“I finally got it” – CBS Denver


ERIE, Colorado (CBS4) — Nearly 60 years after leaving Erie High School to serve in the Marines during the Vietnam War, veteran Ron Cardenas has finally received the graduation ceremony he earned in the 1960s. Cardenas, Today 75, dropped out of high school in the 1960s in an effort to do service to his country. However, the Purple Heart recipient never received a diploma.

“Those first few weeks (in the Marines) were hell. I thought, ‘What the hell did I get myself into?'” Cardenas told CBS4’s Dillon Thomas.

(credit: CBS)

Cardenas said he was in Vietnam when he was 19 and at some point found himself caught in the middle of a battle with the enemy. He remembers being almost completely surrounded by enemy fire. Most of his fellow soldiers were unable to escape on their own. As he retreated and fought back, Cardenas remembered being framed as he fought for his life.
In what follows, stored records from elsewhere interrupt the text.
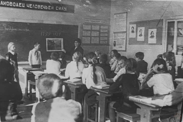 Начнём с фотографии из повседневной жизни. В центре внимания — школьный урок. На доске мелом написаны даты «1799–1837», вероятно, обсуждение жизни и творчества Александра Сергеевича Пушкина на уроке литературы.
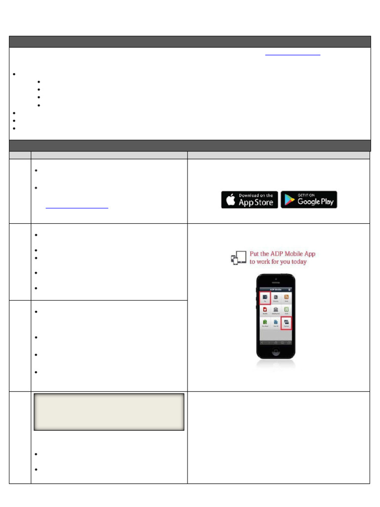 • Access Pay Statements and W -2 information by Download the free ADP Mobile Solutions App for your
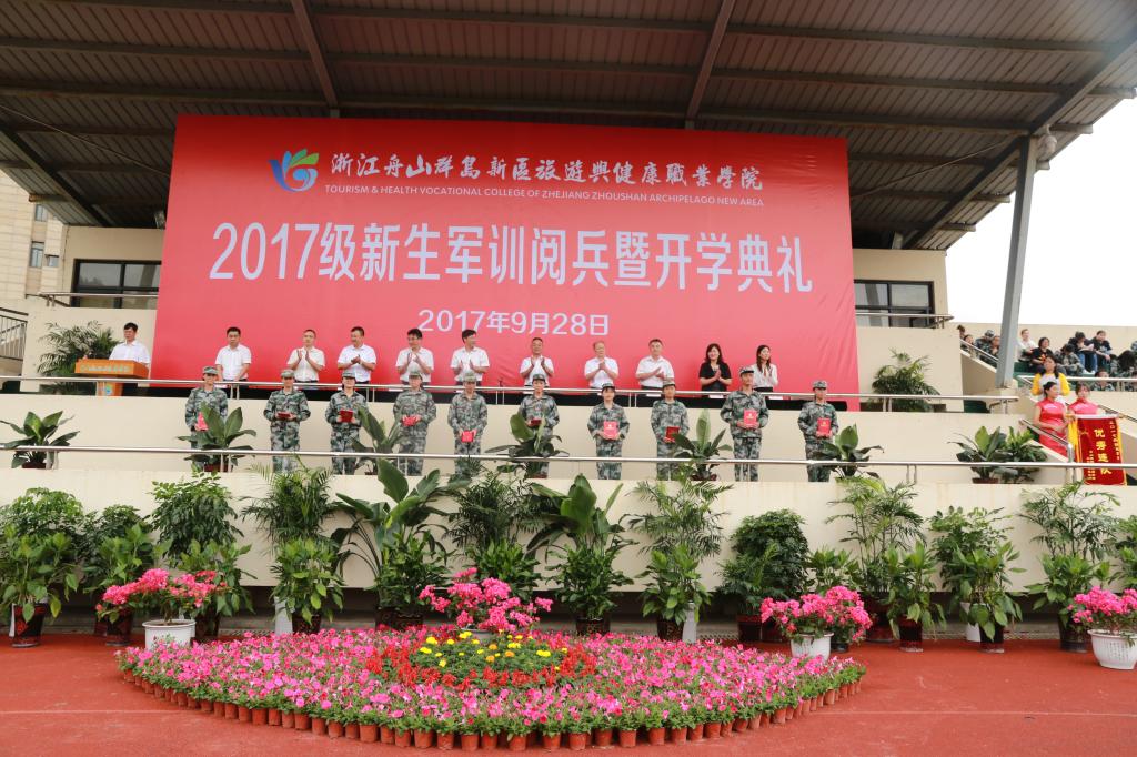 9月28日上午,浙江舟山群岛新区旅游与健康职业学院举行2017级新生军训阅兵暨开学典礼。该校党委书记陈仕俊、院长郑能波等校领导参加开学典礼。

Cardenas said he got into a shootout with another soldier when he was injured.

“I know I killed him. But, before I shot him, he threw a rocket-propelled grenade. My face was bleeding, Cardenas said. “A shrapnel tore out my left eye.”

Cardenas miraculously lived to tell the tale. Since his time with the service, he has spent many days coaching students at Erie High School and attending sporting events. He also worked hard to be able to pay for the higher education of his children and grandchildren, which he could not do without a diploma.

(credit: CBS)

On Friday, students and staff at Erie High School gathered for an assembly to hear Cardenas talk about his service. But, while onstage, school principal Matt Buchler also recognized Cardenas as he presented him with his diploma.

Ron Cardenas

Ron Cardenas (Credit: CBS)

“It’s a very special day for me,” Cardenas said.

“Today is a truly special day in the history of Erie High School,” Buchler said. “One of the messages is about sacrifice. Being a young man, deploying to Vietnam in a war zone, took a lot of courage and heroism.

Cardenas, a former school baseball player, also received the 1964 Male Athlete of the Year award after graduating.

“This moment took 58 years to prepare for me,” Cardenas said. “It’s something that I will put next to my children’s diplomas. You see, I have mine too. Its important to me. It is important to say that I finally understood.